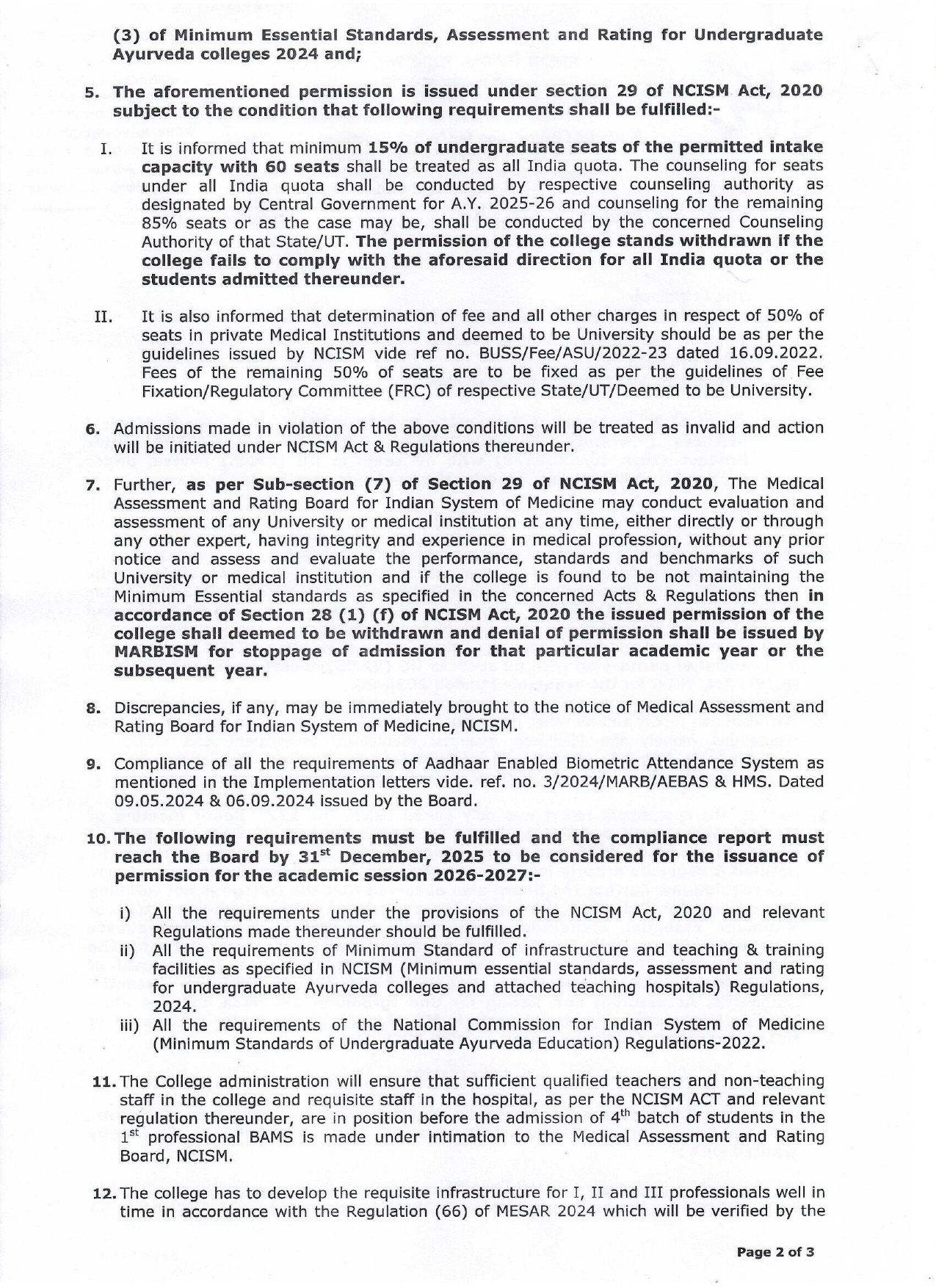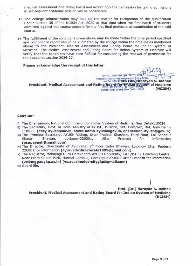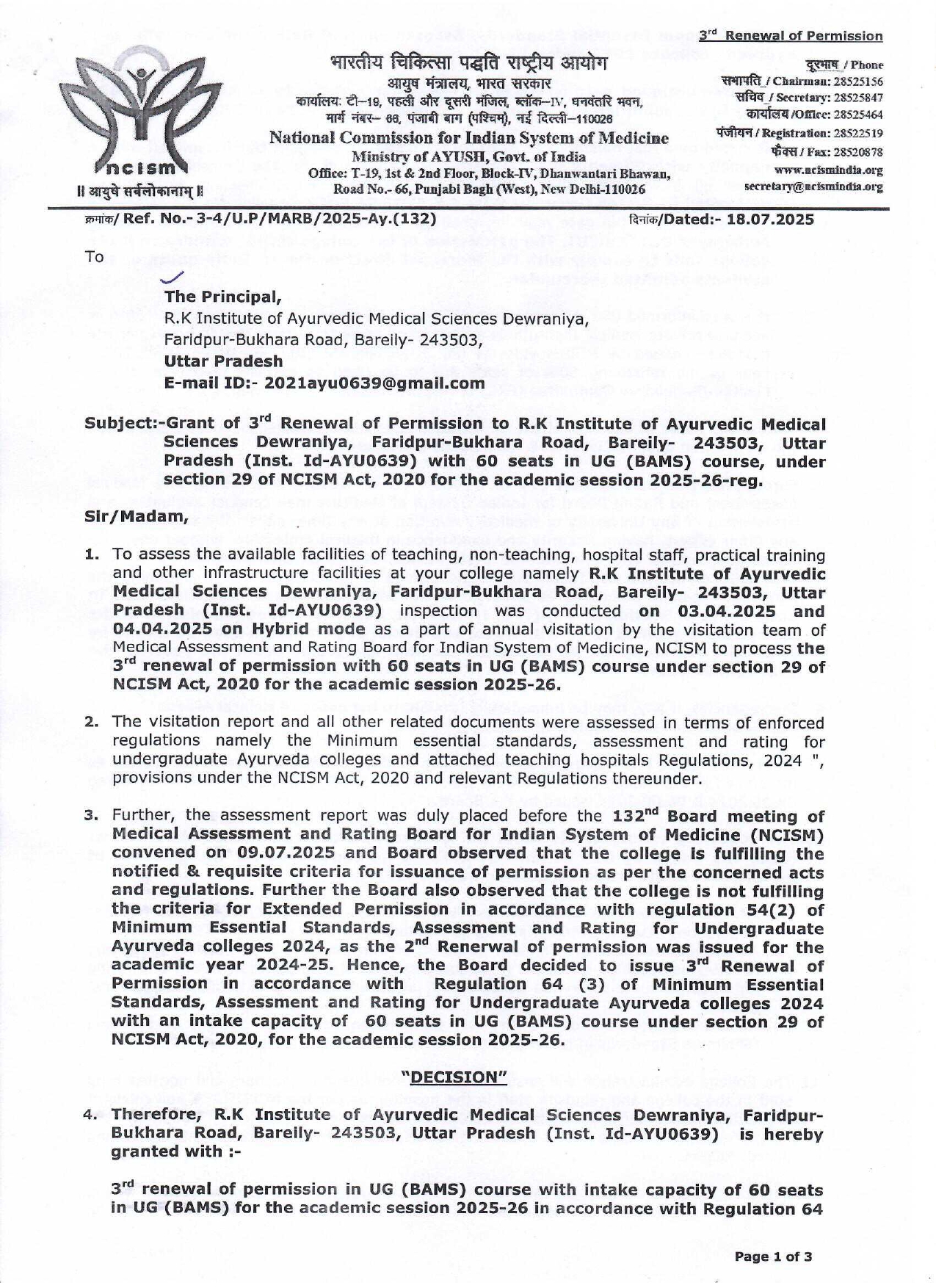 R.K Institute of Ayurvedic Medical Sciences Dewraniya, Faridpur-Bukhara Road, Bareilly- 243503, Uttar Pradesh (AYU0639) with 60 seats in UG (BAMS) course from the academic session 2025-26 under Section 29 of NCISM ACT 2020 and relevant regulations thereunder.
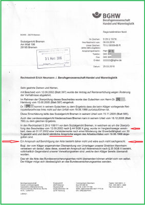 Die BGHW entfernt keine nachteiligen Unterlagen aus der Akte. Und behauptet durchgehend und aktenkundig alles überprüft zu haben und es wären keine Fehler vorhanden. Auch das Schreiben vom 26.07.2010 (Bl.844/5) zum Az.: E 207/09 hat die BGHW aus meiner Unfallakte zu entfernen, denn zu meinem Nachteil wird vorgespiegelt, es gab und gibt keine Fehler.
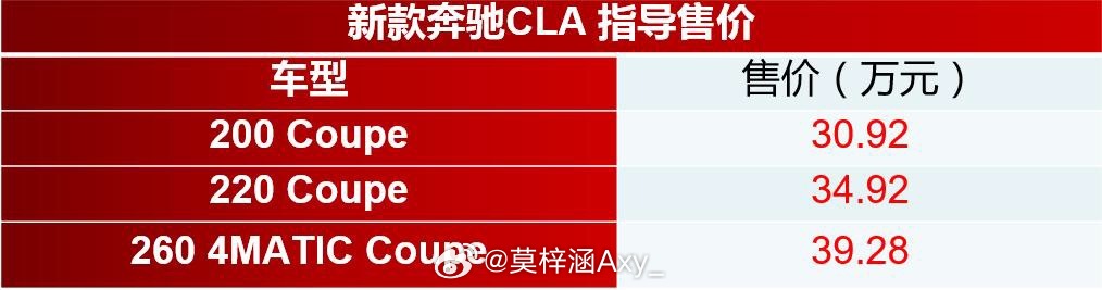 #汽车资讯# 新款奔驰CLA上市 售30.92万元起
--------
YOUR TASK:
The expected output is the whole listing, word for word, minus its pictures.

FINISHED EXERCISE:
 R.K Institute of Ayurvedic Medical Sciences Dewraniya, Faridpur-Bukhara Road, Bareilly- 243503, Uttar Pradesh (AYU0639) with 60 seats in UG (BAMS) course from the academic session 2025-26 under Section 29 of NCISM ACT 2020 and relevant regulations thereunder.
 Die BGHW entfernt keine nachteiligen Unterlagen aus der Akte. Und behauptet durchgehend und aktenkundig alles überprüft zu haben und es wären keine Fehler vorhanden. Auch das Schreiben vom 26.07.2010 (Bl.844/5) zum Az.: E 207/09 hat die BGHW aus meiner Unfallakte zu entfernen, denn zu meinem Nachteil wird vorgespiegelt, es gab und gibt keine Fehler.
 #汽车资讯# 新款奔驰CLA上市 售30.92万元起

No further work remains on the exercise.